Eigentlich wollte ich nur zeichnen. Ein aktives und kreatives Wochenende mit ein paar anderen Teilnehmerinnen bei Sabine Dinkel verbringen. Sie bietet nämlich den „Nasenmännchen“-Zeichenworkshop an. Die Natur in Mecklenburg aber war die Krönung: Lärmdetox pur.
Die Sternberger Seenplatte liegt grob zwischen Schwerin und Güstrow mitten in Mecklenburg, ich war schon einmal dort. Sanfte Hügel, wenig Menschen, viele Vögel, Felder, Wiesen, Natur – herrlich. Ich mag das. Als Hochsensible bin ich ja eher von zu vielen Eindrücken überreizt. Den Horizont zu sehen, die sanfte und manchmal karge Natur, den Himmel: Das alles beruhigt mich.
Als ich am Freitag losfuhr, schwappte der Nebel über das Land. Auch Hamburg war völlig dicht – selten habe ich einen so kompakten Nebeltag erlebt. Auf dem Land war es – natürlich – noch schlimmer. Mit dem letzten, letzten Licht fuhr ich im Dorf Rothen vor, wo ich übernachten wollte.
Nix los, aber viel da
Rothen ist tatsächlich sehr klein: 60 Einwohner leben hier. Die einzige geteerte Straße dorthin ist einsprig und endet in der Dorfmitte. Eine Laterne, damit man die Kreuzung sieht. Die anderen Wege zweigen gepflastert oder nur als Schotterpisten davon ab und sind schlaglochübersät. Sieben Katzen saßen auf der Kreuzung und schauten mich an.
Nichtsdestotrotz gibt es das Gutshaus Rothen. Die Besitzer übernahmen es vor einigen Jahren und bauten es liebevoll und sehr stilsicher aus und vermieten traumhafte Ferienwohnungen. Außerdem (wozu ich aus Zeitgründen gar nicht kam) arbeiten und leben viele Kunst-/Handwerker im Dorf, und es gibt ein sehr gutes Restaurant mit einer kleinen feinen Speisekarte – das Essen ist wirklich lecker!
Als ich aus dem Auto stieg, hörte ich – Gänse. Tausende. Scharen. Der Rothener See ist nur einen Steinwurf vom Gutshaus entfernt, sehen konnte ich ihn allerdings nicht mehr. Zu dunkel war’s inzwischen. Dafür wurde ich im Haus nett empfangen und konnte mein Quartier beziehen. Schnell ging es danach weiter, ich wollte doch zeichnen und war schon verspätet.
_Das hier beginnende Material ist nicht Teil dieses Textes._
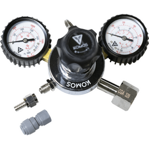 The KOMOS Dual Gauge CO2 Regulator is a beefy, industrial-grade regulator that provides consistent, worry-free performance. The robust body and precision diaphragm provide high flow rates, and the pressure can be easily and precisely adjusted with the hand dial. Extra thick stainless gauges come with rubber bumpers for added protection. The dial faces are triple-scaled to read in psi, bar, and kPa.

Stille. Absolut. Lärmdetox.
Am Abend, als ich wieder nach Rothen kam, hörte ich – nichts. Finster und dunkel, kein Laut mehr. In meiner Wohnung erklang bald sanfte klassische Musik, denn neben einem gut gefüllten Bücherregal steht ein CD-Spieler mit einigen CDs zur Verfügung. Fernsehen? Nix, gibt’s nicht. Zu warmen Oboenkonzerttönen entspannte ich mich.
Auch am nächsten Morgen war es still. Keine quietschende U-Bahn, kein lärmender Autoverkehr, keine gereizten Stimmen, keine seltsamen Abgas- oder Essensdüfte. Nichts. Lärmdetox. Ich genoss die Ruhe. Die Luft. Die Klarheit. Und merkte, wie entspannt ich schon nach einem halben Tag war.
Das setzte sich das restlichen Wochenende fort. Spaß beim Zeichnen mit netten Mitmenschen, einer behaglichen Atmosphäre bei Sabine und Lust an der kreativen Arbeit mit tollenden Hunden, die aber auch mal schnarchend in der Ecke lagen. Kein Stress. Ein Segen.
Den See sehen
Am nächsten Morgen strahlte endlich die Sonne und der Himmel wölbte sich blau. Schnell zusammenpacken, und dann hinunter zum See, an dem ich noch gar nicht gewesen war. Ich stand völlig überwältigt von der Schönheit der Natur am Ufer auf einem Steg und wollte nie wieder weg.
Hinterher hielt ich diesen Moment noch in einer Zeichnung fest:
Ich möchte wiederkommen. Im Sommer, wenn alles grün ist. Mit Kamera. Und wieder die Stille genießen und das Leben spüren.
Manchmal finde ich mich wirklich seltsam, wenn ich so von „nichts“ und „Stille“ schwärme. Aber ich weiß in diesen Momenten wie in Rothen auch: Das tut mir so gut. Die Erinnerungen werden nicht nur im Bild, sondern auch im Herzen abgespeichert und füllen den Energiespeicher.